▸ **DATASET EXCERPTS**:
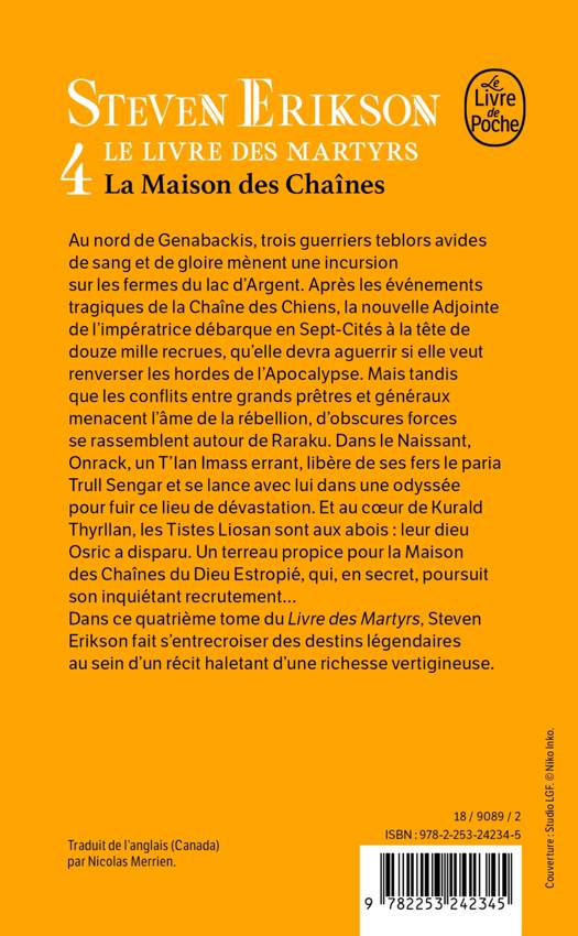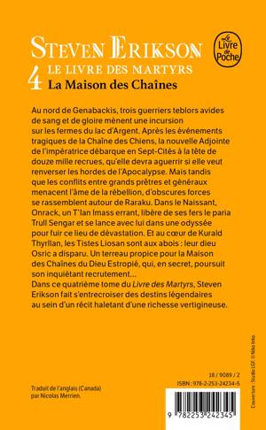Au nord de Genabackis, trois guerriers teblors avides de sang et de gloire mènent une incursion sur les fermes du lac d’Argent. Après les événements tragiques de la Chaîne des Chiens, la nouvelle Adjointe de l’impératrice débarque en Sept-Cités à la tête de douze mille recrues qu’elle devra aguerrir si elle veut renverser les hordes de l’Apocalypse. Mais tandis que les conflits entre grands prêtres et généraux menacent l’âme de la Rébellion, d’obscures forces se rassemblent autour de Raraku. Dans le Naissant, Onrack, un T’Ian Imass errant, libère de ses fers le paria Trull Sengar et se lance avec lui dans une odyssée pour fuir ce lieu de dévastation. Et au cœur de Kurald Thyrllan, les Tistes Liosan sont aux abois : leur dieu Osric a disparu. Un terreau propice pour la Maison des Chaînes du Dieu Estropié qui, en secret, poursuit son inquiétant recrutement… Dans ce quatrième tome du Livre des Martyrs Steven Erikson fait s’entrecroiser des destins légendaires au sein d’un récit haletant d’une richesse vertigineuse.
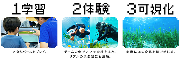 さらに、植えられたアマモの量に応じて浜名湖の生態系が豊かになっていく仕組みも備わっています。それにより、ゲームを通じて「脱炭素×生物多様性」のシミュレーションを体験できます。ブルーカーボンの仕組みを、遊びながら学べる教育環境プログラムです。
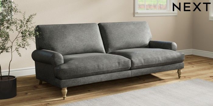 7.2.10 Erin Deep Relaxed Sit 3 Seater Sofa Plush Chenille Dark Grey High Classic Turned - Light | Made Click here to use our website with more accessibility support, for example screen readers
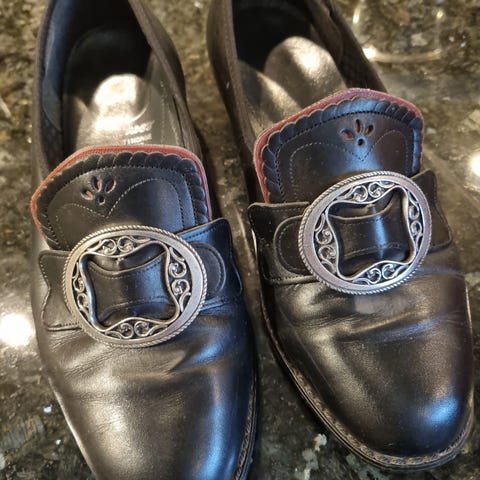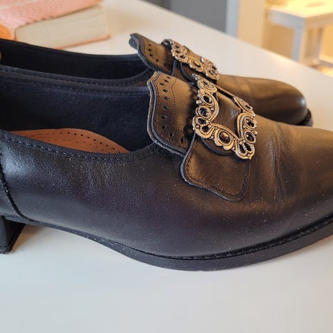 Praktisk talt ubrukte bunadsko fra 2018. Fra Klaveness skofabrikk. Type "Gerd". Selges da de ikke er i bruk
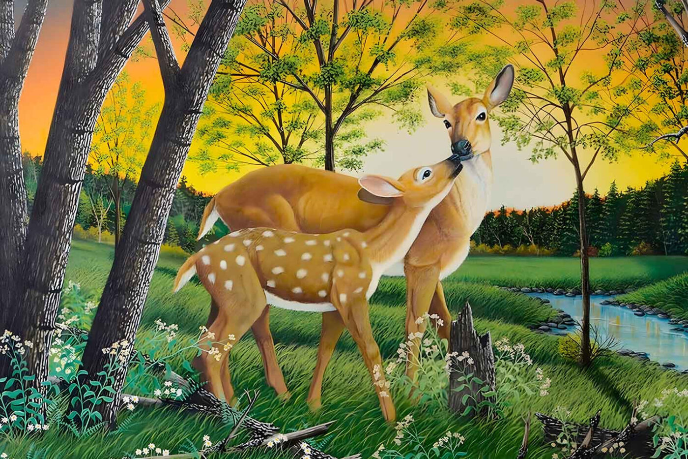 Hươu là loài vật hiền lành, ăn cỏ và không gây hại cho các loài khác. Do đó, hươu tượng trưng cho sự bình yên, hòa hợp. Tranh ảnh hươu treo trong phòng khách hay phòng ngủ sẽ mang đến cảm giác thư thái, nhẹ nhàng cho gia chủ.
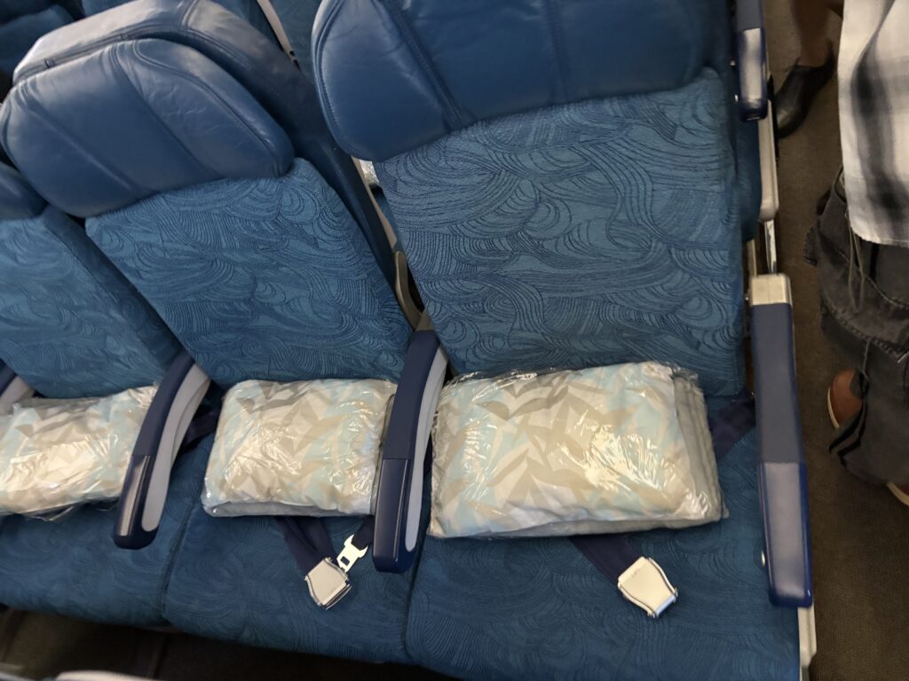 今回は真ん中の座席でした。座席にはよくあるブランケットと枕が予めセットされていました。

▸ **DIRECTIONS**:
Your task is to retype the records above in full and exactly, omitting the pictures.

▸ **ANSWER TO THIS TASK**:
Au nord de Genabackis, trois guerriers teblors avides de sang et de gloire mènent une incursion sur les fermes du lac d’Argent. Après les événements tragiques de la Chaîne des Chiens, la nouvelle Adjointe de l’impératrice débarque en Sept-Cités à la tête de douze mille recrues qu’elle devra aguerrir si elle veut renverser les hordes de l’Apocalypse. Mais tandis que les conflits entre grands prêtres et généraux menacent l’âme de la Rébellion, d’obscures forces se rassemblent autour de Raraku. Dans le Naissant, Onrack, un T’Ian Imass errant, libère de ses fers le paria Trull Sengar et se lance avec lui dans une odyssée pour fuir ce lieu de dévastation. Et au cœur de Kurald Thyrllan, les Tistes Liosan sont aux abois : leur dieu Osric a disparu. Un terreau propice pour la Maison des Chaînes du Dieu Estropié qui, en secret, poursuit son inquiétant recrutement… Dans ce quatrième tome du Livre des Martyrs Steven Erikson fait s’entrecroiser des destins légendaires au sein d’un récit haletant d’une richesse vertigineuse.
 さらに、植えられたアマモの量に応じて浜名湖の生態系が豊かになっていく仕組みも備わっています。それにより、ゲームを通じて「脱炭素×生物多様性」のシミュレーションを体験できます。ブルーカーボンの仕組みを、遊びながら学べる教育環境プログラムです。
 7.2.10 Erin Deep Relaxed Sit 3 Seater Sofa Plush Chenille Dark Grey High Classic Turned - Light | Made Click here to use our website with more accessibility support, for example screen readers
 Praktisk talt ubrukte bunadsko fra 2018. Fra Klaveness skofabrikk. Type "Gerd". Selges da de ikke er i bruk
 Hươu là loài vật hiền lành, ăn cỏ và không gây hại cho các loài khác. Do đó, hươu tượng trưng cho sự bình yên, hòa hợp. Tranh ảnh hươu treo trong phòng khách hay phòng ngủ sẽ mang đến cảm giác thư thái, nhẹ nhàng cho gia chủ.
 今回は真ん中の座席でした。座席にはよくあるブランケットと枕が予めセットされていました。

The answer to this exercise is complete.